Wim wist het ook en zei dat er zelfs een Europapark bestond, wat daaraan herinnerde.

      Wij gingen erheen.

     

Het punt lag 23 kilometer ten noorden van Vilnius in een mooi aangelegde beeldentuin. Er was een ‘centrum-monument’ met daarom heen in een cirkel stenen met de namen van alle Europsese hoofdsteden. Plus de afstanden. Hemelsbreed.
      Amsterdam bijvoorbeeld was 1371 kilometer. Reykjavik in IJsland 2779 km, Moskou 801 km en Riga in Letland was 240 km. Om de zaak weer enigszins te relativeren was ook de afstand vermeld van de verst verwijderde hoofdstad in de wereld: Wellington in Nieuw-Zeeland: 17.310 km.

Wim vond het park somber.
      ‘Te veel beton; te veel aangeharkt , geen bloemen’.
      ‘Litouwen is een bloemenland, Ronald’, zei Wim. Een land van vrijheid en ruimte. Een afwisselend landschap van bossen, meren , akkers en bloemenvelden. Met verstilde dorpjes waar de tijd had stilgestaan. Met vossen, wolven en een enkele beer in de bossen. Een groot contrast met de serene rust in.. en de esthetische vormgeving van het park, dat was ontworpen door de Litouwse kunstenaar Gintaras Karosas.
      Het was die ochtend heel stil in het park. Ook daar had Wim een verklaring voor. We moesten ongeveer tien gulden betalen voor een toegangskaartje en dat kunnen de mensen in Litouwen niet betalen. ‘Ongelooflijk’, zulke prijzen’, zei Wim. ‘Schandalig’.

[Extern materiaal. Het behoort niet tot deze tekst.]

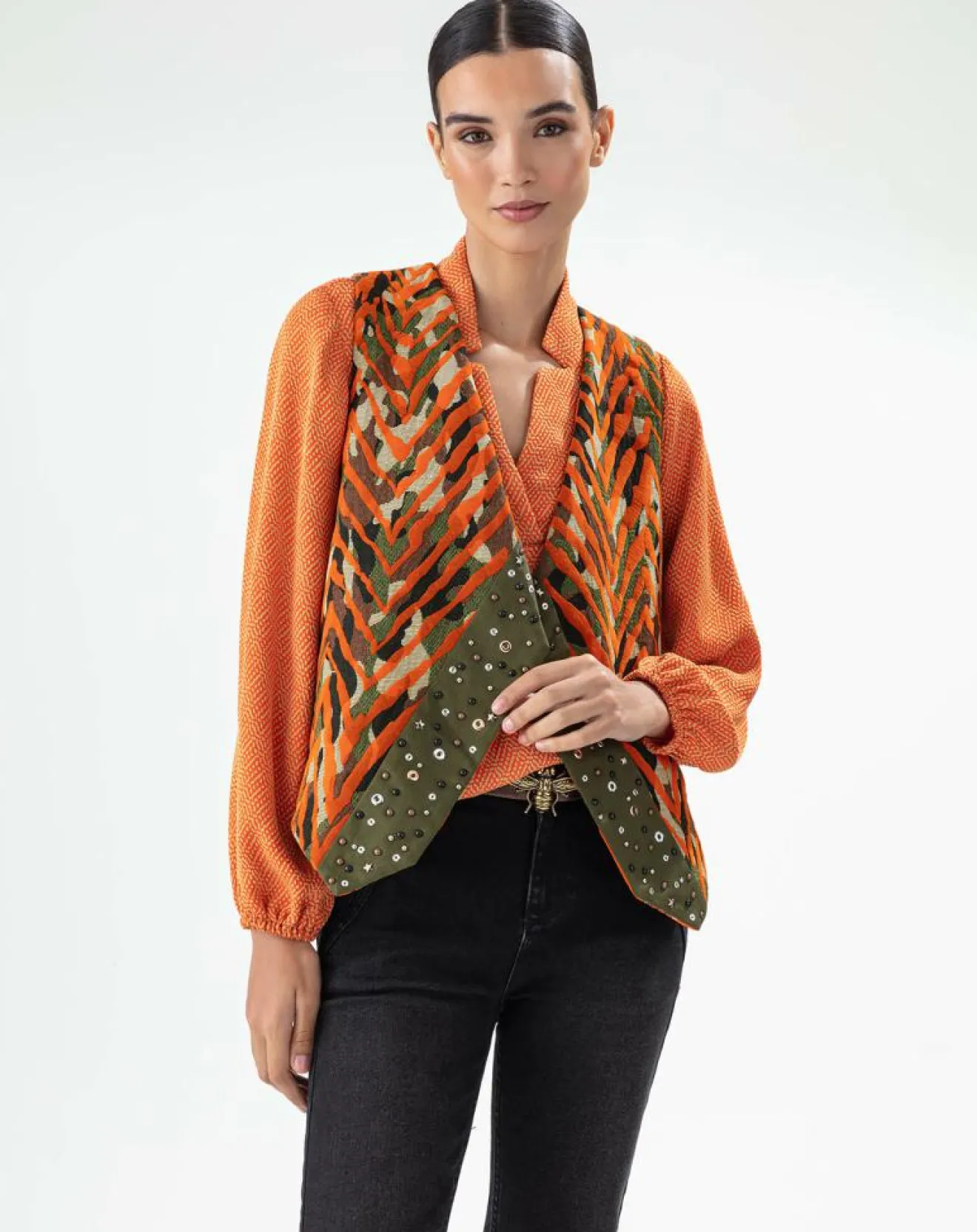 En jacquard orange et kaki zébré, vous l’associerez facilement à vos différentes blouses pour une tenue de soirée et à un col roulé noir pour un look plus décontracté

Toen ik thuis was, heb ik het allemaal nog eens uitgezocht. Er bleken natuurlijk diverse middelpunten van Europa, maar de bekendste was inderdaad die plek in Litouwen. Dat was namelijk berekend door Jean-Georges Affholder, een geograaf van het vermaarde Institut Géografique National (ING) in Parijs. Hij had niet het geografische middelpunt berekend maar het zwaartepunt. Het punt dus, waaromheen zich in alle richtingen eenzelfde gewicht aan land bevindt.
      Europa strekt zich bij deze berekening uit van het meest westelijke punt van de Portugese Azoren in de Atlantische Oceean tot de Oeral in Rusland, van Spitsbergen halverwege de top van Noorwegen en de Noordpool, tot aan de Kaukasus en de Canarische eilanden van Spanje.

Als u nu toch op de kaart van Europa gaat kijken kan het bijvoorbeeld ook nog opvallen, dat het meest Noordoostelijke punt van Noorwegen oostelijker ligt dan Istanbul in Turkije. Of dat Kreta zuidelijker ligt dan Algiers en Tunis.
      Het Europapark trekt inmiddels zo’n 100 tot 200.000 bezoekers per jaar en is daarmee één van de grootste toeristische trekpleisters in het land. Er staan inmiddels zo’n 100 beelden van kunstenaars uit de hele wereld.

De centra van Europa

Het hangt er dus gewoon van af waar je de grens trekt tusen Europa en Azië en of je de Portugese Azoren of de Spaanse Canarische eilanden meetelt,  waar het centrum is.

   

Later werd ik geattendeerd op een voor mij nieuw middelpunt, namelijk bij Polatsk in Wit-Rusland (Belarus).
      Er staat een heus monument. Hans Metz kwam er op een verre fietstocht bij toeval terecht en maakte deze foto’s.

  

Hij schreef mij:

Het zit zo:

Wij fietsen al jaren door Europa en bij voorkeur door Oost-Europa.

In 2014 wilden we wel eens kijken hoe het er in een dictatuur uitziet.

We begonnen vanuit huis in Haarlem en maakten dat jaar ruim 5000 km. 

In Belarus bleken net zulke aardige mensen te wonen als overal eigenlijk, en net zulke steden.

Je hebt een visum nodig, maar dat geldt ook voor Rusland bijvoorbeeld.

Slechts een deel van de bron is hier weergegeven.